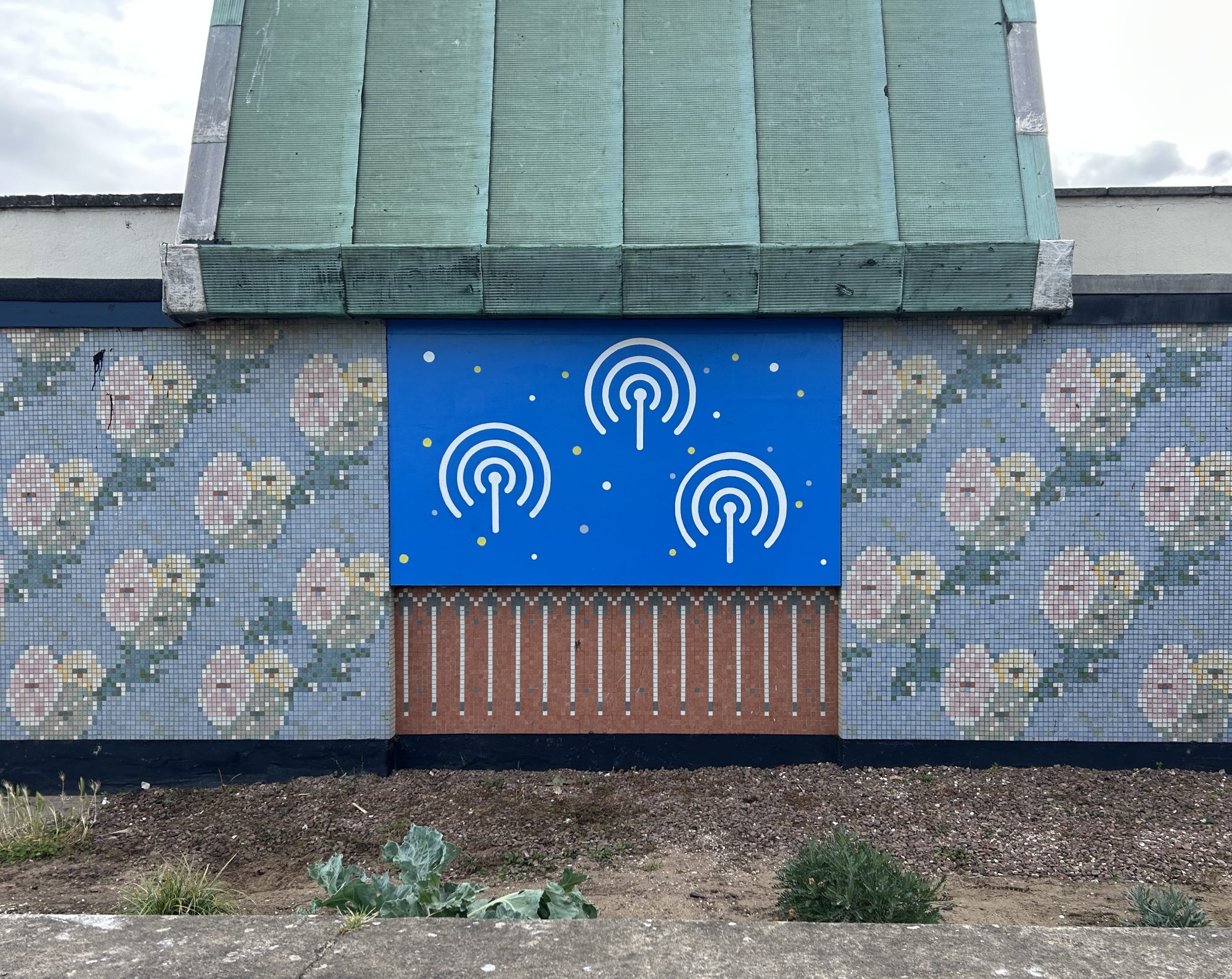 Their Warning Lights mural, installed for the 2025 Art Walk Porty Festival, takes the beacon symbol as an indicator of warning as well as celebration, whilst designating the Shore Hunt growing space; evoking a space to gather, a space for creativity, hope and celebration, but also of criticality and caution.
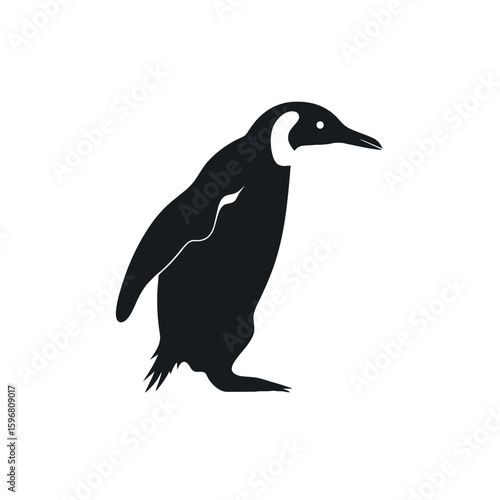 Naklejka premium Black and white silhouette of an emperor penguin standing upright and facing...
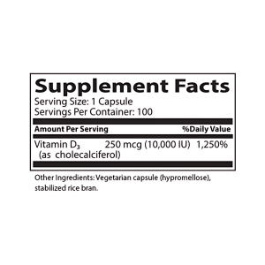 Vitamin D3 plays an integral role in calcium metabolism and bone health, as well as immunity. Vitamin D3, an essential and fat-soluble vitamin, can be derived from exposure to sunshine, and may be difficult to obtain from dietary sources alone. Recommended to be taken with a fat-containing meal, Vitamin D3 may help those in need of additional support.
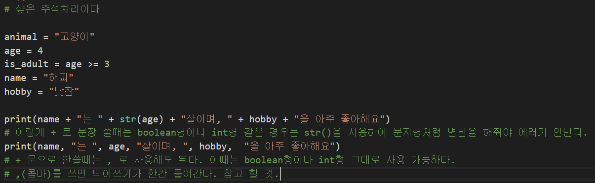 print(name + "는 " + str(age) + "살이며, " + hobby + "을 아주 좋아해요")
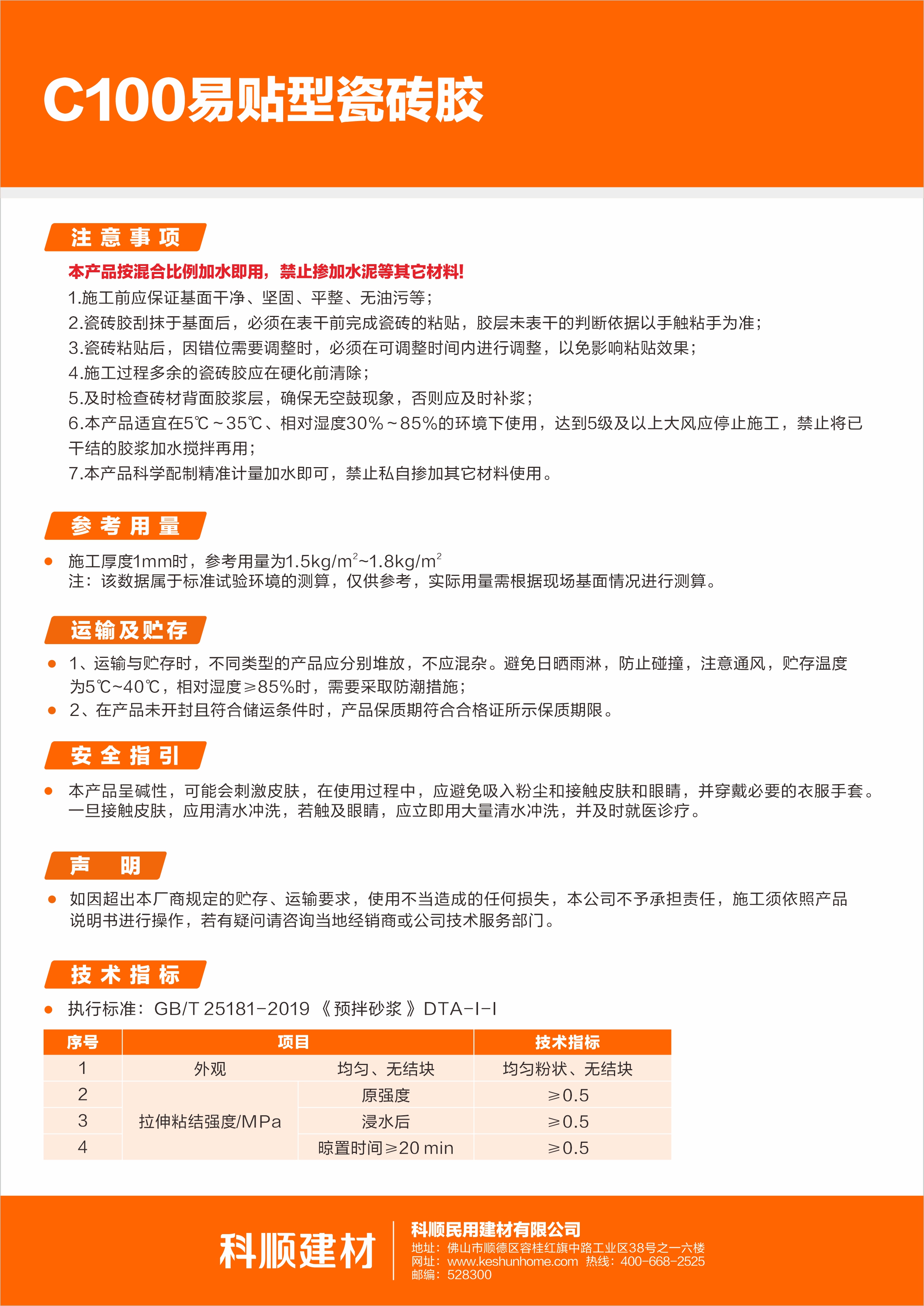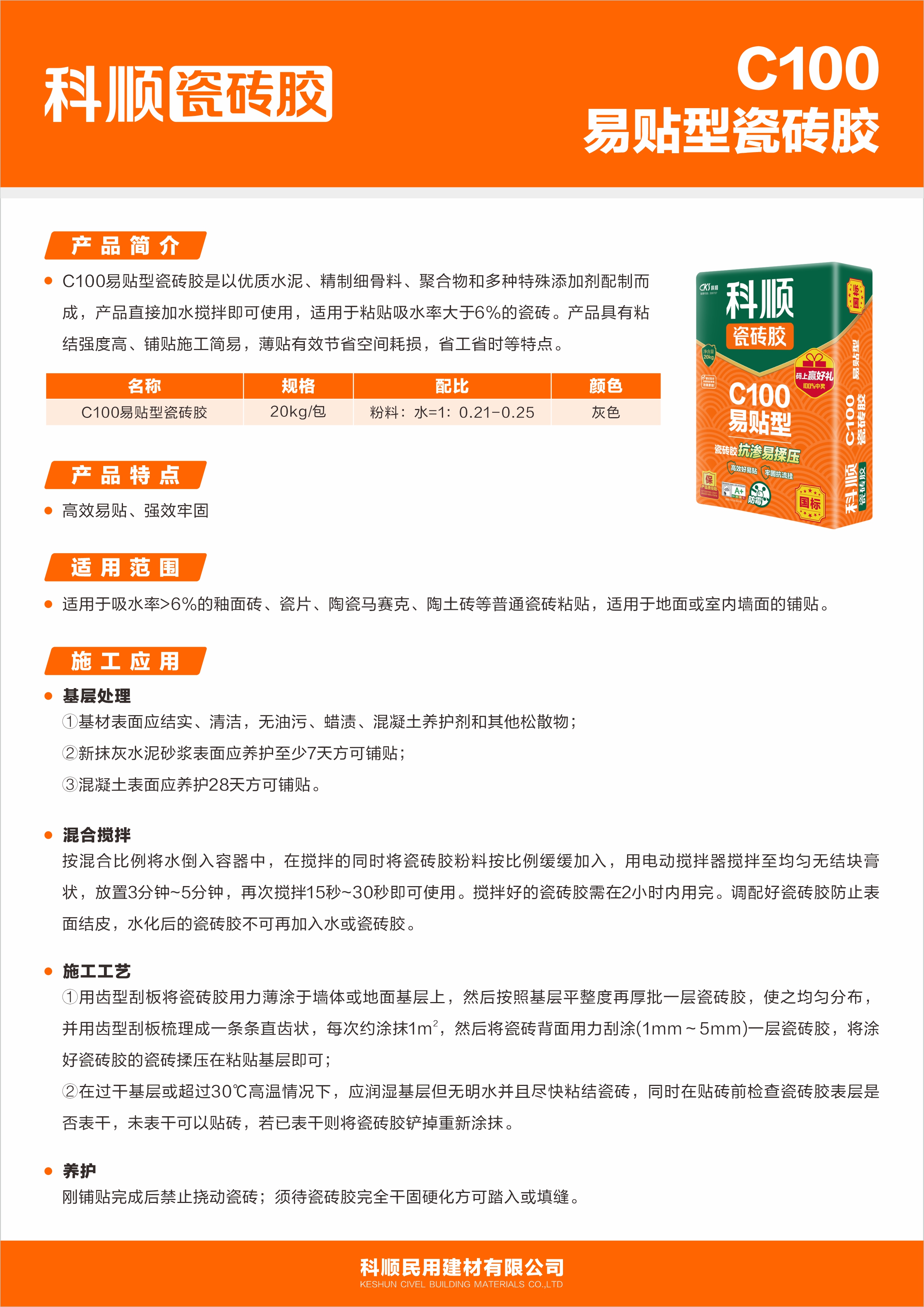 C100易贴型瓷砖胶
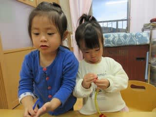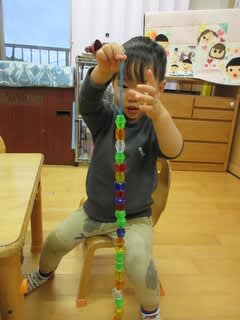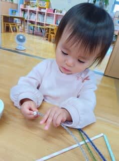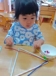 赤だけ、青だけと色別に通している子もいれば、形別に通していく子も💛
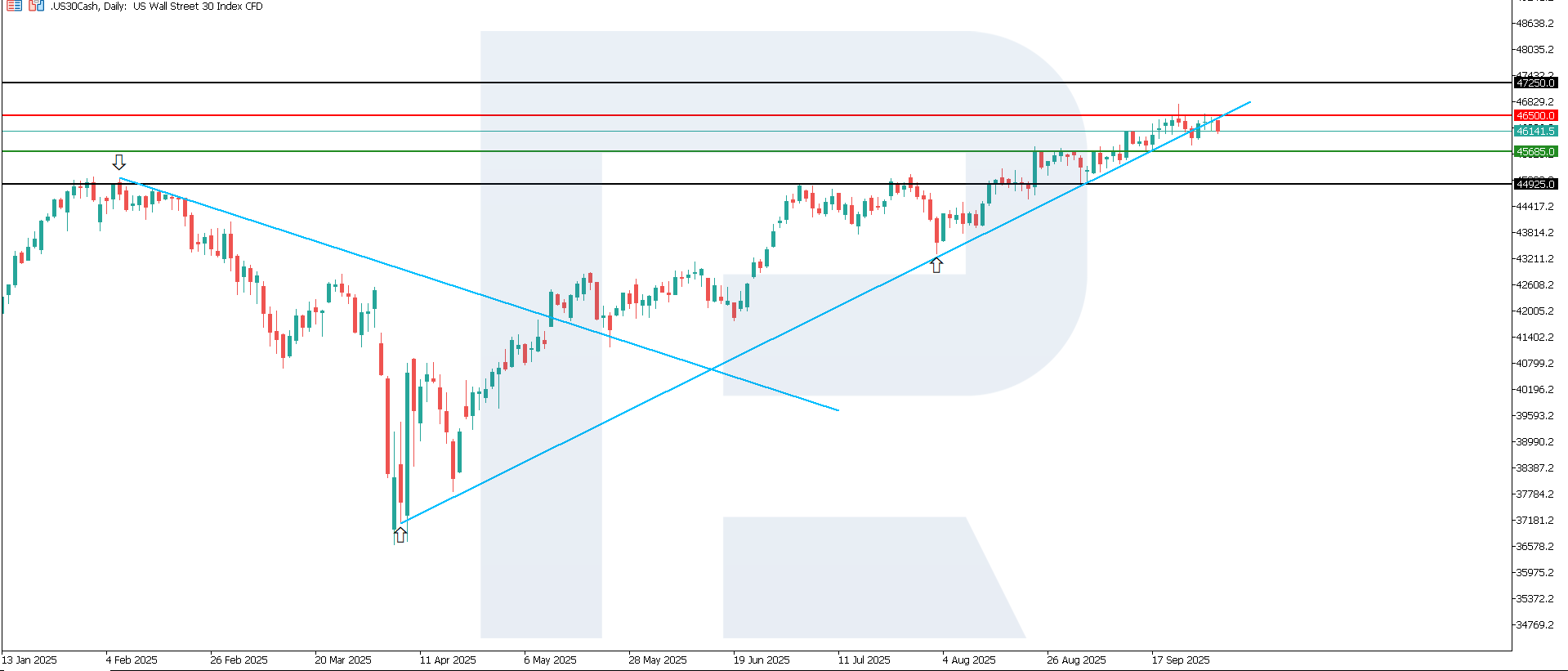 US manufacturing PMI: https://tradingeconomics.com/united-states/manufacturing-pmiThe US 30 index continues to trade in an uptrend, marking fresh record highs. Resistance is set at 46,500.0, while support lies at 45,685.0. Elevated volatility highlights the fragility of the current trend, and near-term upside potential remains capped.
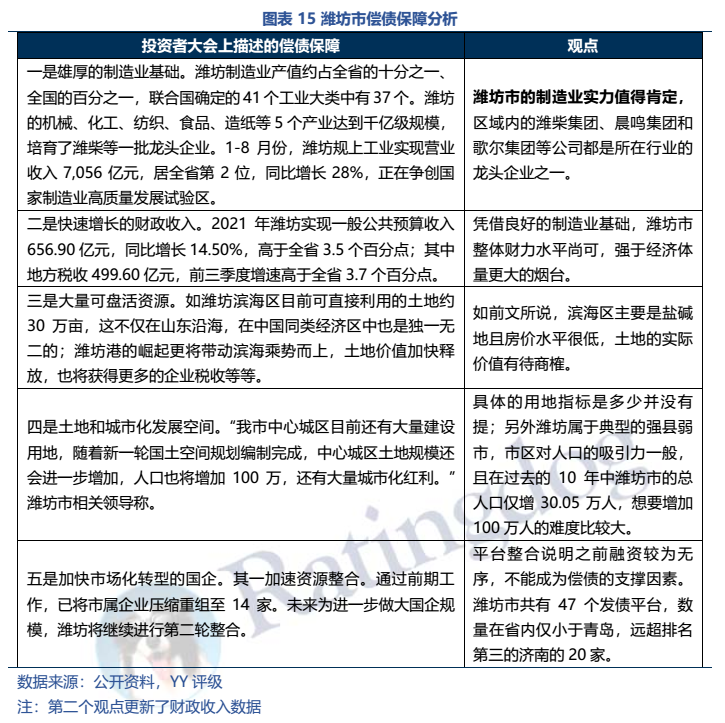 懇談會和信?;鸩⒉荒苤苯痈淖兪袌隹捶ǎㄈ缣m州),具體還是要回歸到區域的支撐來看,投資者會上的對濱海經開區土地的贊揚和中心城區城市化紅利的期盼暫且不論,但濰坊當地制造業水平依然值得肯定,整體財力水平尚可(省內第三),但是在非標壓降、平臺整合和管控及資金運用效率上還需加強。
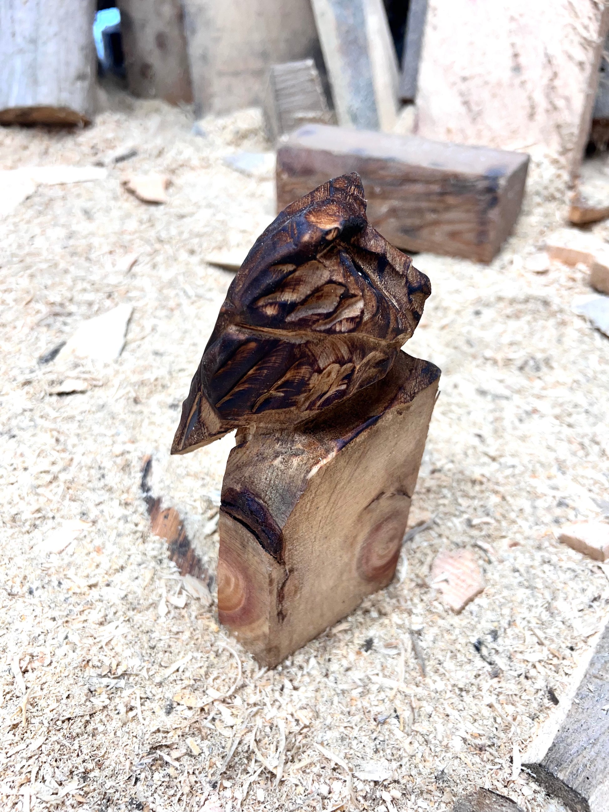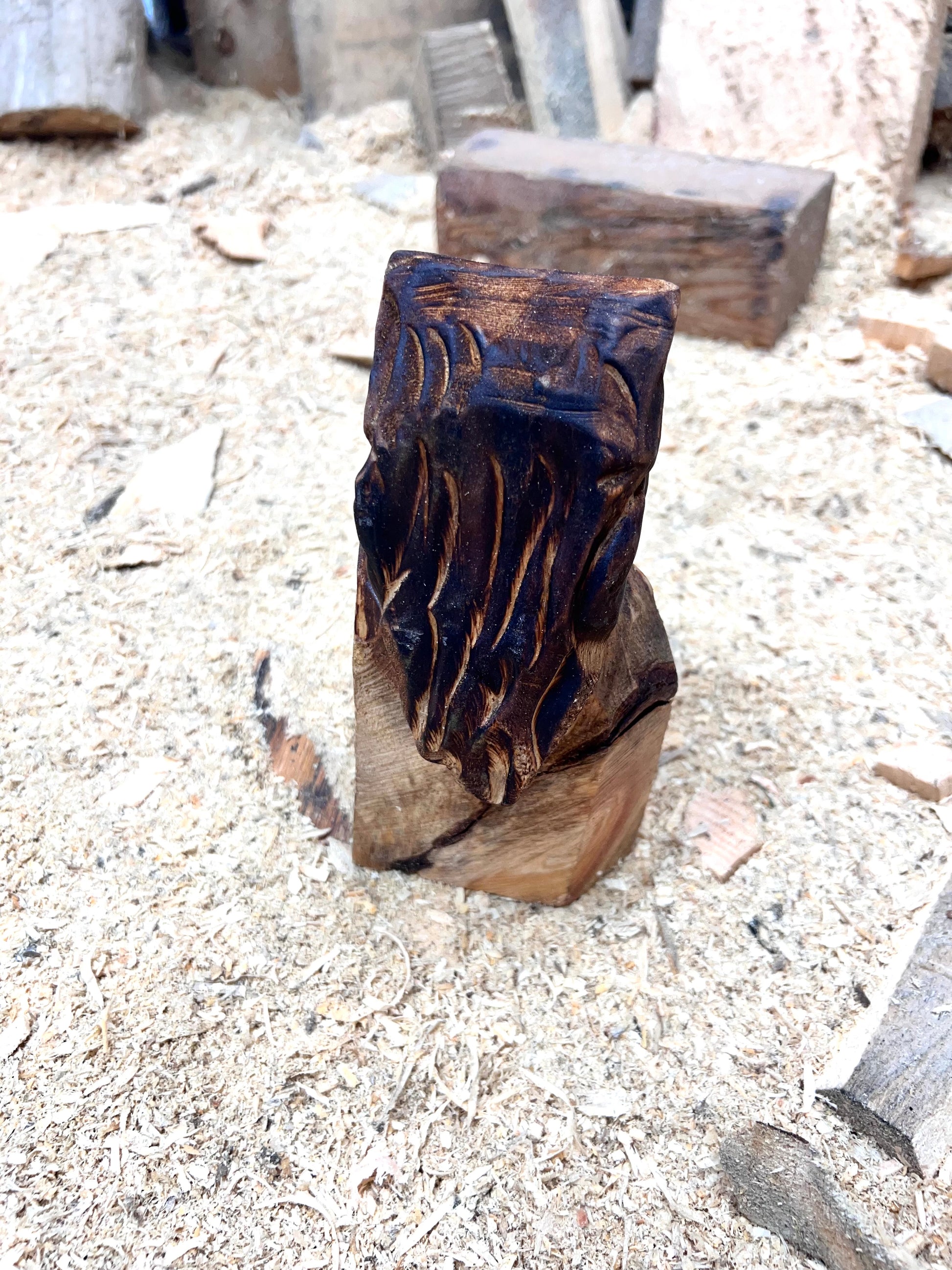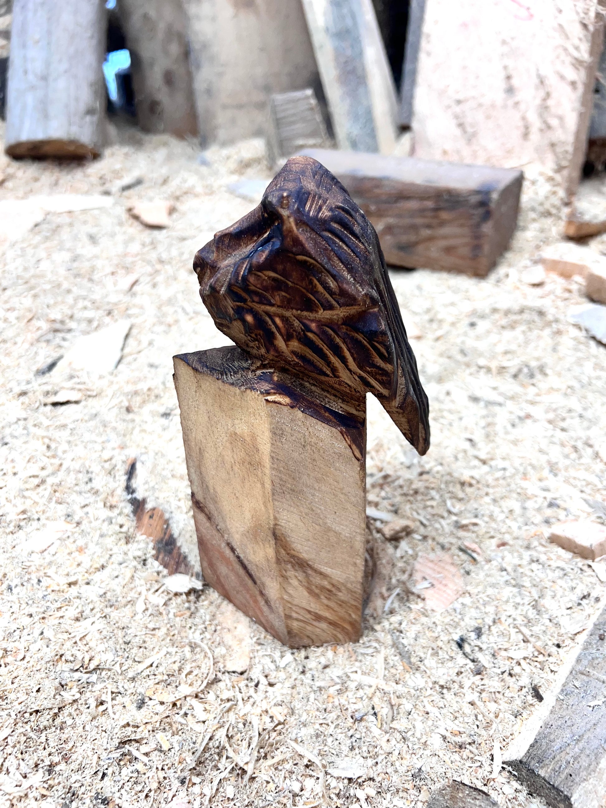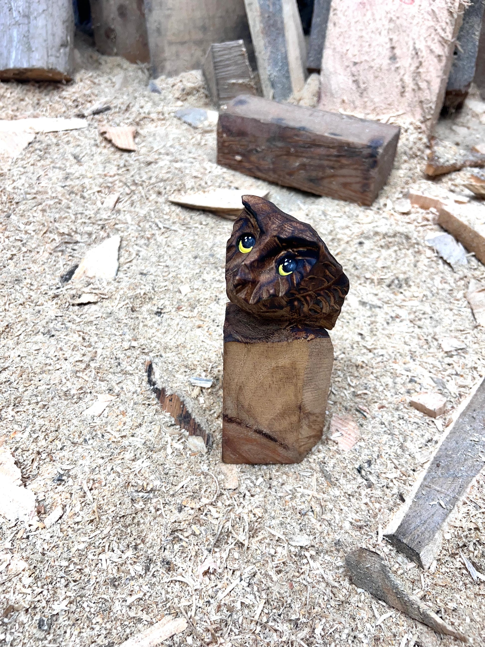 This adorable little owl has been intricately carved and detailed using a chainsaw and power tools. The hand-painted eyes and charred coloring give the piece a unique and rustic charm. Each owl stands approximately 8 inches tall and measures 3 inches by 3 inches at the base. Orders are now being accepted for these darling creatures, though please note that the owl you receive will be similar but not identical to the one pictured, as each is individually crafted upon ordering. Thank you for supporting our small business, The Halls.

» **Activity**:
A verbatim copy of the data, pictures removed, is the expected result.

» **Exercise answer**:
 Their Warning Lights mural, installed for the 2025 Art Walk Porty Festival, takes the beacon symbol as an indicator of warning as well as celebration, whilst designating the Shore Hunt growing space; evoking a space to gather, a space for creativity, hope and celebration, but also of criticality and caution.
 Naklejka premium Black and white silhouette of an emperor penguin standing upright and facing...
 Vitamin D3 plays an integral role in calcium metabolism and bone health, as well as immunity. Vitamin D3, an essential and fat-soluble vitamin, can be derived from exposure to sunshine, and may be difficult to obtain from dietary sources alone. Recommended to be taken with a fat-containing meal, Vitamin D3 may help those in need of additional support.
 print(name + "는 " + str(age) + "살이며, " + hobby + "을 아주 좋아해요")
 C100易贴型瓷砖胶
 赤だけ、青だけと色別に通している子もいれば、形別に通していく子も💛
 US manufacturing PMI: https://tradingeconomics.com/united-states/manufacturing-pmiThe US 30 index continues to trade in an uptrend, marking fresh record highs. Resistance is set at 46,500.0, while support lies at 45,685.0. Elevated volatility highlights the fragility of the current trend, and near-term upside potential remains capped.
 懇談會和信?;鸩⒉荒苤苯痈淖兪袌隹捶ǎㄈ缣m州),具體還是要回歸到區域的支撐來看,投資者會上的對濱海經開區土地的贊揚和中心城區城市化紅利的期盼暫且不論,但濰坊當地制造業水平依然值得肯定,整體財力水平尚可(省內第三),但是在非標壓降、平臺整合和管控及資金運用效率上還需加強。
 This adorable little owl has been intricately carved and detailed using a chainsaw and power tools. The hand-painted eyes and charred coloring give the piece a unique and rustic charm. Each owl stands approximately 8 inches tall and measures 3 inches by 3 inches at the base. Orders are now being accepted for these darling creatures, though please note that the owl you receive will be similar but not identical to the one pictured, as each is individually crafted upon ordering. Thank you for supporting our small business, The Halls.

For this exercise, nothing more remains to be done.